### Task goal
Retype the records below exactly as given, but only from the first line through the line with "Explore Ganga Ebony", and without the pictures.

### Information given
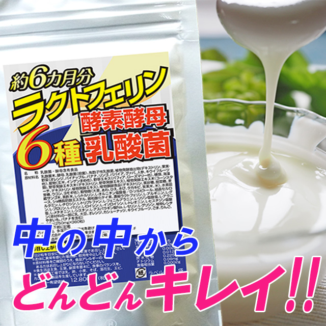 【送料無料】ラクトフェリン酵素酵母6種乳酸菌[約6か月分]ラクトフェリン+酵素+酵母+6種乳酸菌の力が相まって中の中☆どんどんキレイ スッキリ ヨーグルト 若々 アミノ酸 EC-12 フェカリス菌 アシドフィルス菌 プランタラム菌 植物 野菜 果物 生活 男性 サプリメント
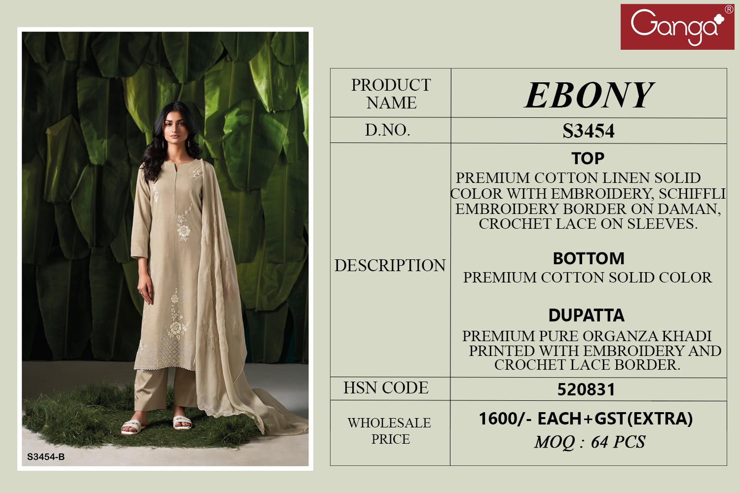Explore Ganga Ebony 3454 Cotton Linen Suit Collections here.
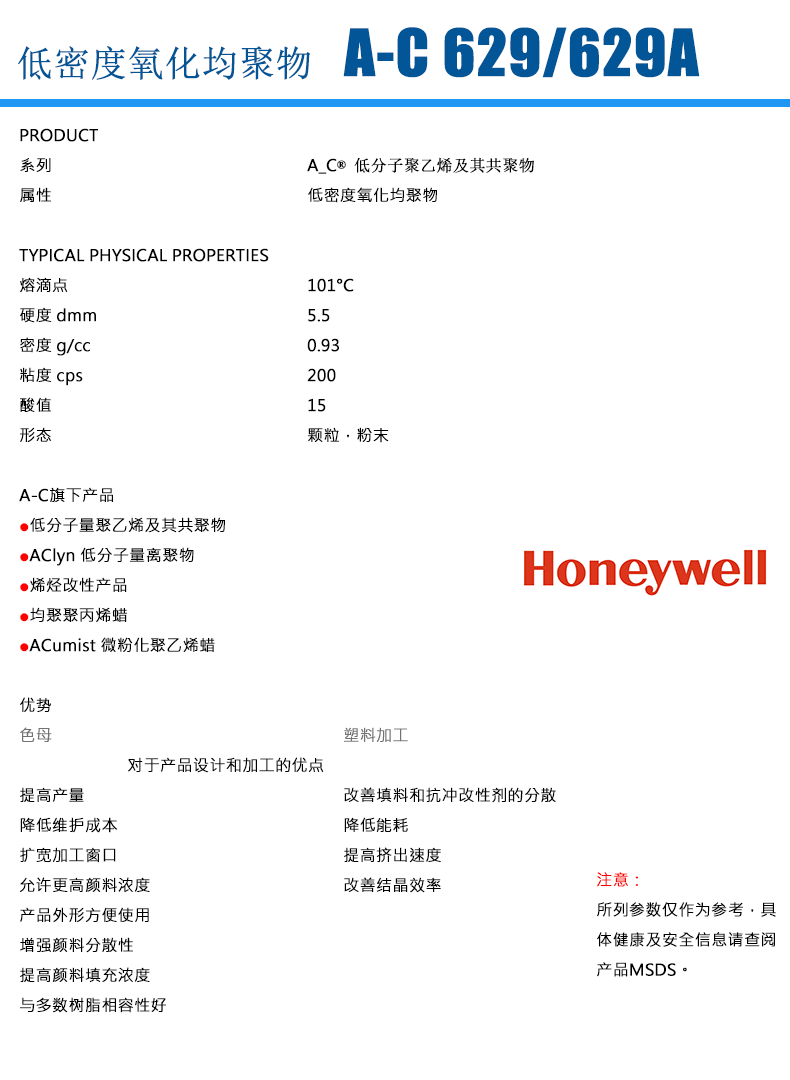 - 美國霍尼韋爾 honeywell 氧化聚乙烯蠟 AC 629 物性表, 美國霍尼韋爾 honeywell 氧化聚乙烯蠟 AC 629 產(chǎn)品參數(shù),美國霍尼韋爾 honeywell 氧化聚乙烯蠟 AC 629 性能表,美國霍尼韋爾 honeywell 氧化聚乙烯蠟 AC 629 出廠報(bào)告, MSDS,, 物質(zhì)安全資料表, UL黃卡,{ SGS報(bào)告, RoHS, 食品級認(rèn)證, NSF飲用水標(biāo)準(zhǔn), 產(chǎn)品資料, 產(chǎn)品性能, 出廠報(bào)告, 原廠原包, 代理商, 熱變形溫度, 熔指數(shù), 流動(dòng)系數(shù), 抗沖擊性能、沖擊強(qiáng)度, 低溫韌性、低溫抗沖擊性能, 熔體流動(dòng)系數(shù)、熔體流動(dòng)速率, 加工工藝、加工參數(shù)、加工溫度, 歐盟RoHS 德國FDA 美國FDA 日本FDA
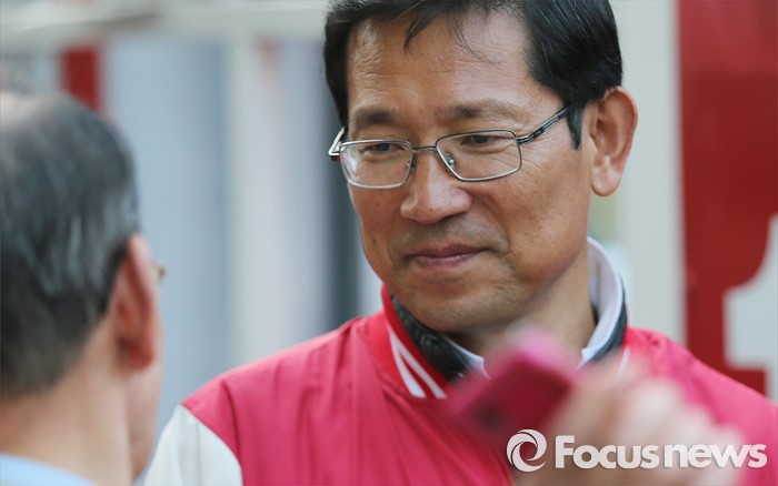 (서울=포커스뉴스) 4.13총선을 하루 앞둔 12일 오후 서울 영등포구 당산역 인근에서 박선규 새누리당 영등포갑 후보가 한 시민과 대화를 나누고 있다.
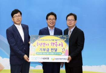 (주)네비엔(대표이사 박영동)은 9월 추석명절을 맞아 지역 내 저소득층을 위한 행복나눔 상자 구입(전달)과 충남지체장앤인협회 당진시지회의 기능보강에 사용해 달라며 본 재단에 후원금 200만원을 기탁했습니다.
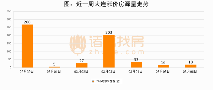 根据诸葛找房数据显示,大连24小时涨价房源量为18套,较03月05日增加2套,环比上涨12.5%。与此同时,涨价房源占比小幅扩大,业主信心有所提升。
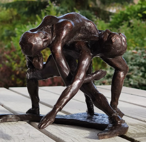 Opmerkingen/notice: Het beeldje van deze dansers maakte ik nadat ik een voorstelling van Introdans had gezien, deze pose kwam voor in een van de dansen. In de periode van het maken van de naakten, vond ik het ook erg leuk om dansers te maken. Het menselijk lichaam was interessant om vorm te geven om vormen en beweging te creëren. De patinering kan de ene keer iets donkerder zijn, de andere keer wat lichter.
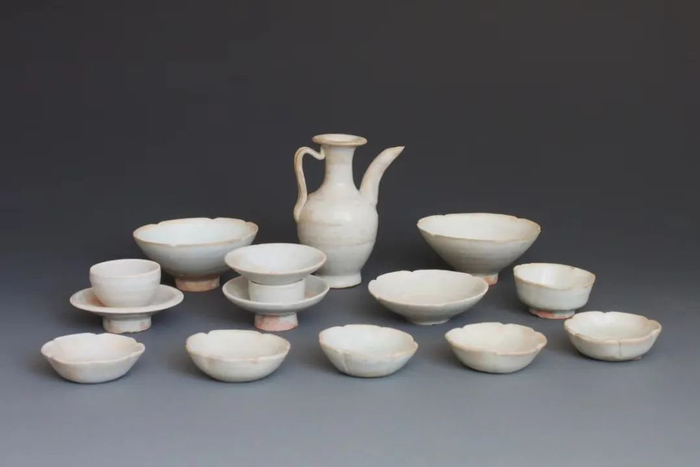 此后,唐代的“南青北白”局面,让白瓷撑起半壁江山。前有颜真卿写“素瓷传静夜,芳气满闲轩”,后有皮日休赞邢、定的白瓷茶瓯,“圆似月魂堕,轻如云魄起;枣花势旋眼,蘋沫香沾齿”。这一时期的白瓷,得益于北方特有的含铁量较低的高铝土,尤其邢窑,烧制出的白瓷呈现细腻的灰白之色。《陆羽茶经》中就曾写到,“邢瓷类银,越瓷类玉......邢瓷类雪,越瓷类冰......邢窑白而茶色丹, 越窑青而茶色绿”。
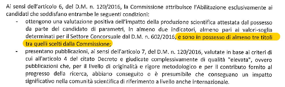 Io sono sopra tre indicatori e ho almeno cinque titoli, quindi la condizione necessaria c'è. Poi bisogna vedere se quello che ho scritto è di qualità elevata, e bisognerebbe vederlo prima che sia il tempo a giudicarlo! (ma le commissioni si sono date tempo fino a marzo).
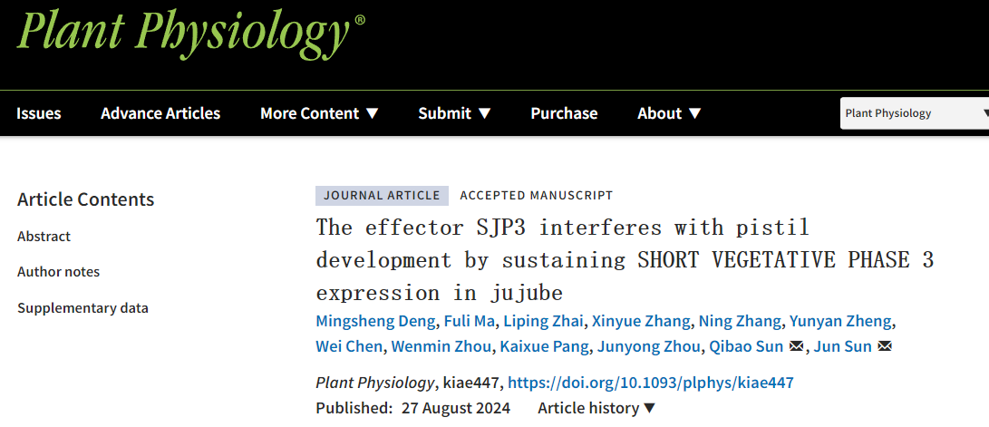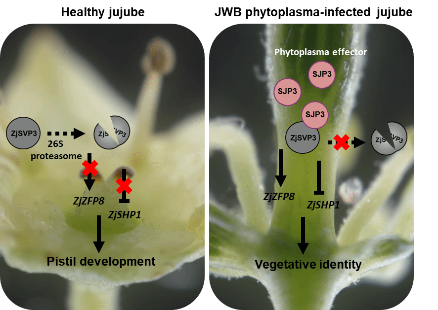 近日,安徽农业大学园艺学院孙俊课题组在国际植物学权威期刊Plant Physiology在线发表了题为“The effector SJP3 interferes with pistil development by sustaining SHORT VEGETATIVE PHASE 3 expression in jujube”的研究论文,系统阐明了枣植原体效应因子SJP3靶向稳定MADS-box转录因子ZjSVP3在病花持续表达,继而诱导雌蕊退化的分子机制。
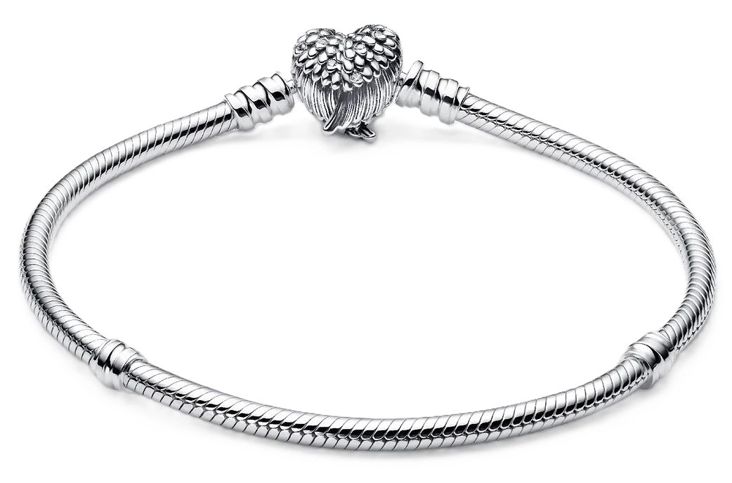 Srebrna bransoletka Pandora 590727CZ-17 o długości 17 cm łączy w sobie subtelną elegancję i możliwość pełnej personalizacji. Jej delikatny splot wężykowy nadaje lekkości, a zapięcie w kształcie serca, utworzonego z dwóch skrzydeł, wprowadza romantyczny akcent. Bransoletka pięknie prezentuje się zarówno solo, jak i jako baza do tworzenia unikatowych kompozycji z charmsami, zawieszkami czy klipsami.
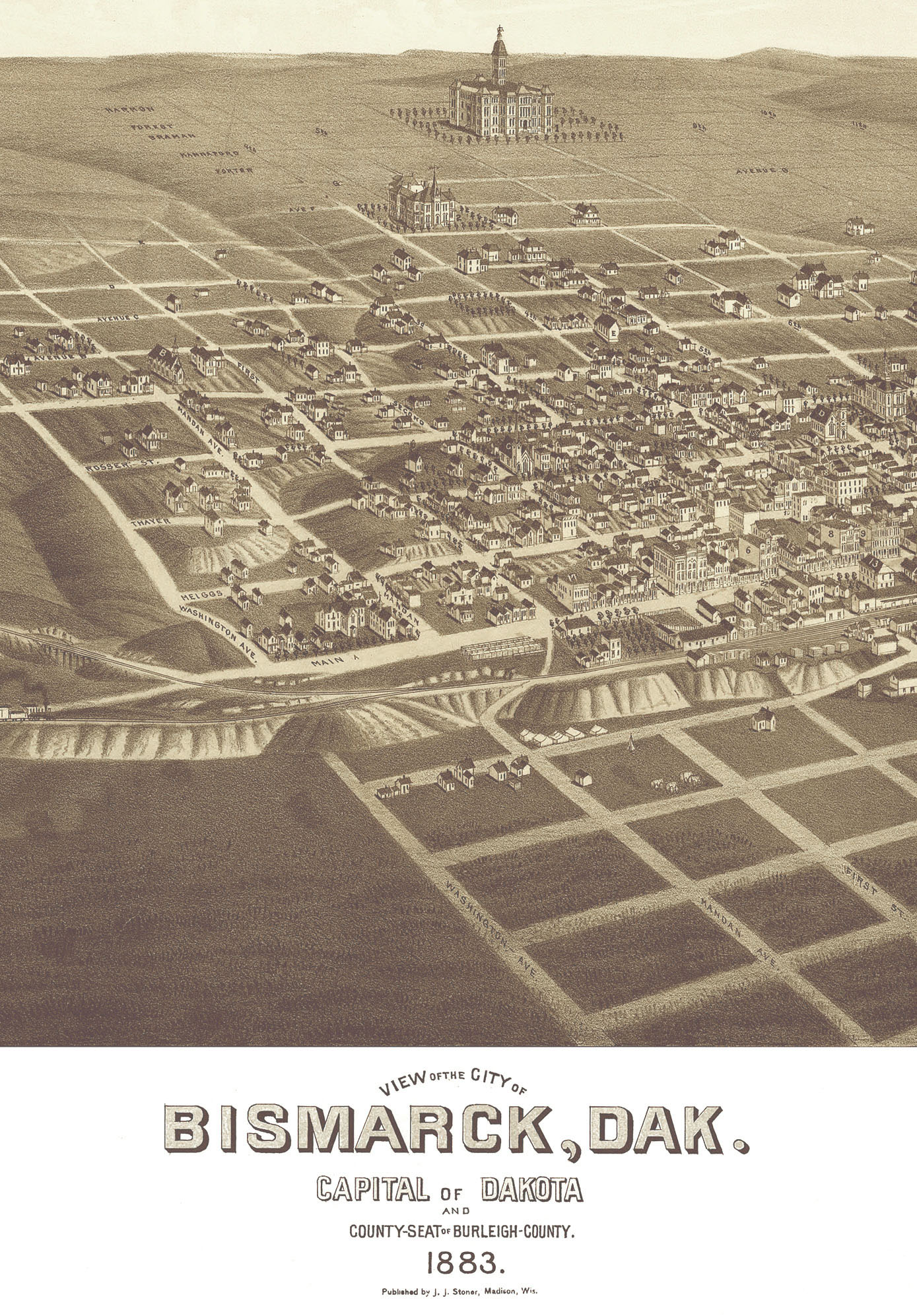 Bismarck, North Dakota in 1883 - Bird's Eye View Map, Aerial, Panorama, Vintage, Antique, Reproduction, Giclée, Framable, Fine Art, Wall Map

### Solution to this exercise
 【送料無料】ラクトフェリン酵素酵母6種乳酸菌[約6か月分]ラクトフェリン+酵素+酵母+6種乳酸菌の力が相まって中の中☆どんどんキレイ スッキリ ヨーグルト 若々 アミノ酸 EC-12 フェカリス菌 アシドフィルス菌 プランタラム菌 植物 野菜 果物 生活 男性 サプリメント
Explore Ganga Ebony 3454 Cotton Linen Suit Collections here.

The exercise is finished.